Our series “Fashion Going Forward” is about understanding how this time of isolation and ambiguity is changing the lives and work of the brands and designers we work with at Pylon. Today, we hear from Anne McCaddon of COATZ.
“To be honest the word ‘fashion’ has never really resonated with me. I was a painter and started making indigo jackets because I wanted one … and then my friend wanted one … and then I realized they were works of art too; an extension of my art practice,” she told us. “I named them, I titled them, and I got to watch these great interactions as people would come to my studio and find one that was right for them. Now we are stocked in select boutiques around the world, and I have help with the sewing, but I still think of myself as belonging to the art world. And so far at least, the virus hasn’t changed my studio practice."

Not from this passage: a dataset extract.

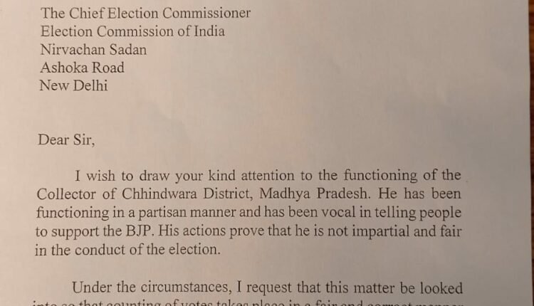 चुनावों में BJP की मदद करने का छिंदवाड़ा कलेक्टर शीलेन्द्र सिंह पर लगाया आरोप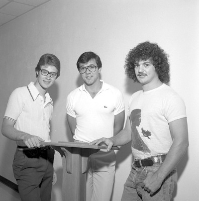 These three students were officers of the Student Government Association at Jacksonville State University in 1976-1977. Identified is Van Hall, center, the SGA treasurer. (circa 1976)

"Because I source vintage, antique, and deadstock fabric, I have the materials I need and my process with them hasn’t changed. I very much prefer working this way: with the amount of fabric I find and the age or the qualities of the textiles dictating what they can become.”

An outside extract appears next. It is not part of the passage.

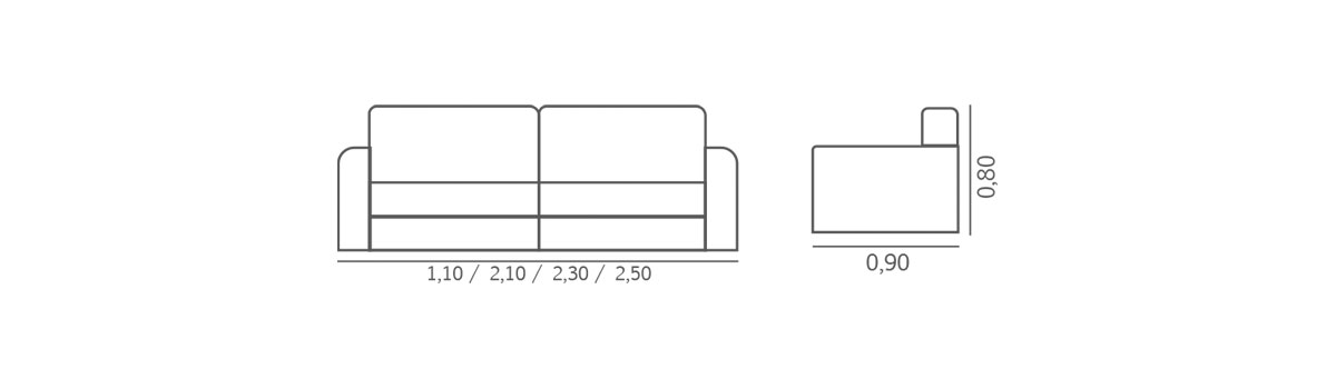 Medidas: Comprimento - 1,10 / 2,10 / 2,30 / 2,50m Altura - 0,80m Profundidade - 0,90m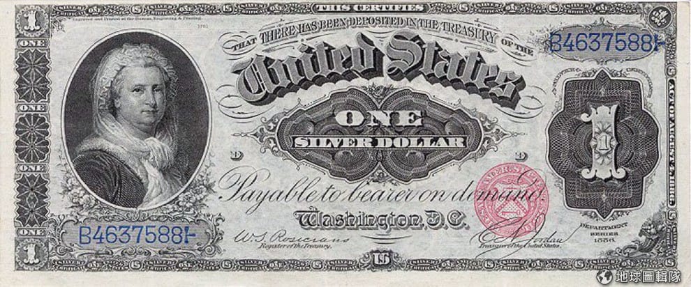 1886年一美元鈔票和瑪莎.華盛頓。

Speculating on how this era might shape the industry, and culture, Anne says, “My hope would be that during this time people have had to slow down, and they might have felt more pleasure in the slowness. Maybe pleasure or enjoyment … or realizing that things fail, and that all along, the process and the creativity and exploration was the nurturing part of it all."
"With so much time on people’s plates, they’re trying new things —we’re all gardening and making bread—people are using their hands and they’re experimenting with stuff, and I could see that translating into appreciating other people who make things slowly, with care and with sustainability in mind."

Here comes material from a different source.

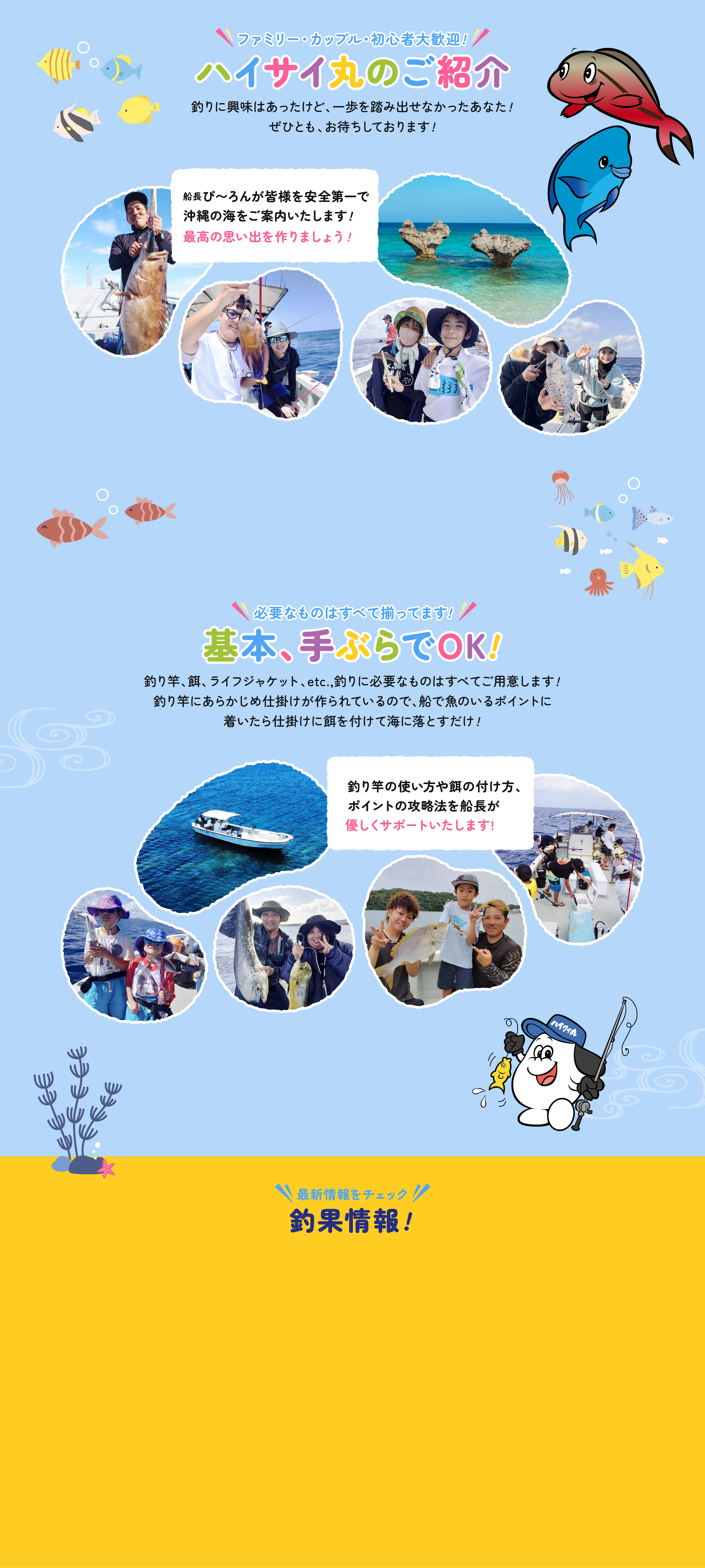 ホームページにはサビキ釣り専門のような記述があったと思いますが、平日の乗船で我々夫婦のみだったので、船長さんの好意により胴付きやダツ釣りを体験させてもらいました。その他には、古宇利大橋の真下や澄んだ沖縄の海を実感できる水深8mの砂地(海底のヒトデがはっきり見える)など、沖縄の海を観光できます。

"I hope people will be even more interested in other people and other cultures; I hope they’ll want to go out into the world and experience things personally after all this time online.”
We share the artist/designer’s views on what luxury connotes—and how that might change. “I always think that luxury comes from buying things that take a lot of time and talent to make,” she says. “Like food that takes a lot of time to grow and harvest and prepare. I think luxury is about the maker choosing each thing: the perfect button, the thread color, all of that. An in-depth love of the process and care. I wonder if maybe that term luxury could change."